Homeowner Loans
Homeowner loans is a term that applies loans that are taken, whether long-term or short-term, for the purpose of purchasing a home. However this is, strictly speaking, the narrow way of looking at it. The term homeowner loan can also be used to apply to persons who own a home and utilize the home as collateral to get a loan from a lender, usually a commercial bank or a lending facility, for whatever purpose needed by the homeowner.
Often the homeowner loan is for large amounts, varying from 70% to 90% of the price of the property to be purchased. The tenure of the loan varies according to the needs of borrower. It can be as short as 5 years or less or as long as 25 years or more. Repayments are usually monthly. The longer the tenure of the loan, the smaller the monthly repayments. Generally the rule of thumb in these loans is that the monthly repayments on the homeowner loan should not be more than one-third of the borrower’s salary. This is so that the borrower can still afford to live a comfortable life.
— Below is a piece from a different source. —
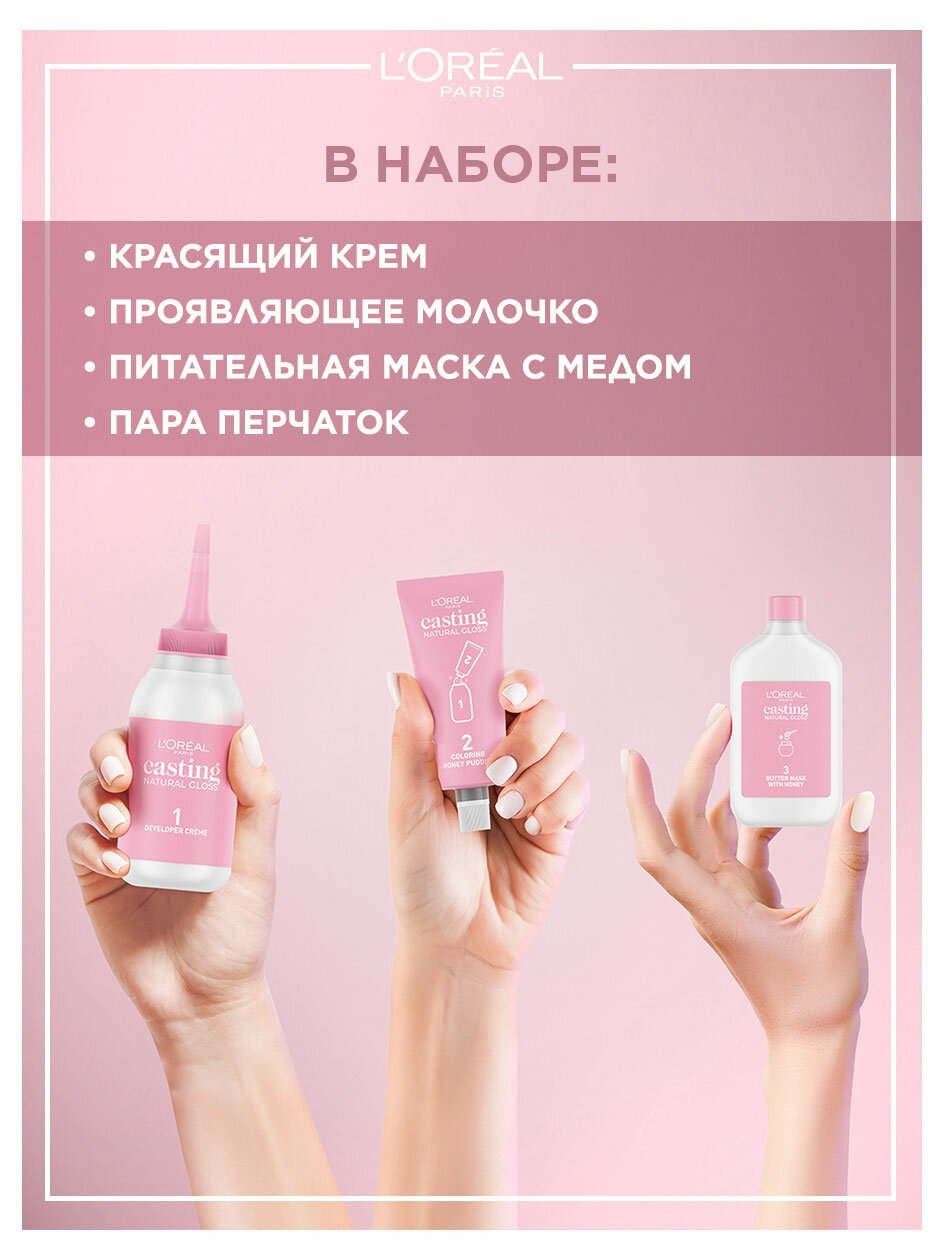 | Состав набора | красящий крем; проявляющее молочко; питательная маска с медом; пара перчаток |
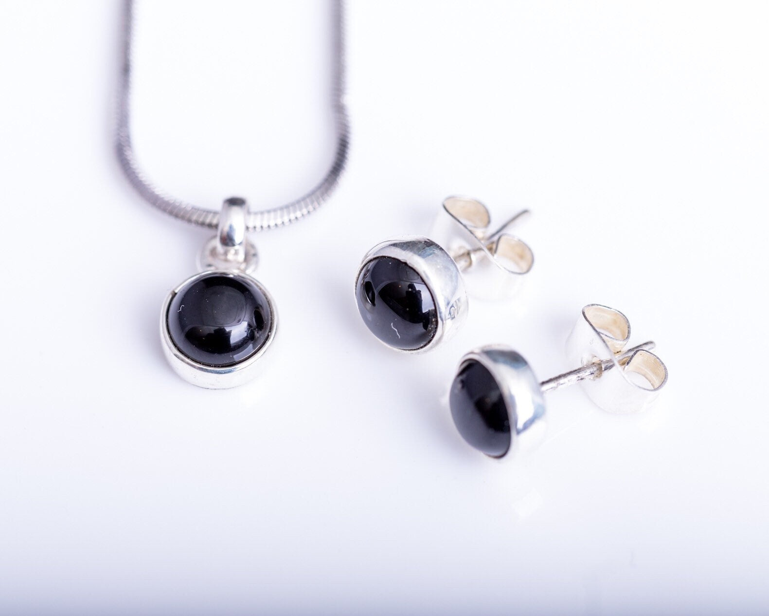 Black onyx stud earrings and necklace set, Sterling silver round studs, men, children, and women,

Taking a homeowner loan allows the borrower to ability to stay in the home of his choice that he has purchased, and frees him of the stress of having save impossible amounts of cash to be able to afford to buy the property.
Sometimes the homeowner loan is taken in spite of the ability of the borrower to pay cash for a substantial portion of the price of the property. This is to allow the borrower to free his cash for investment in other, more profitable enterprises.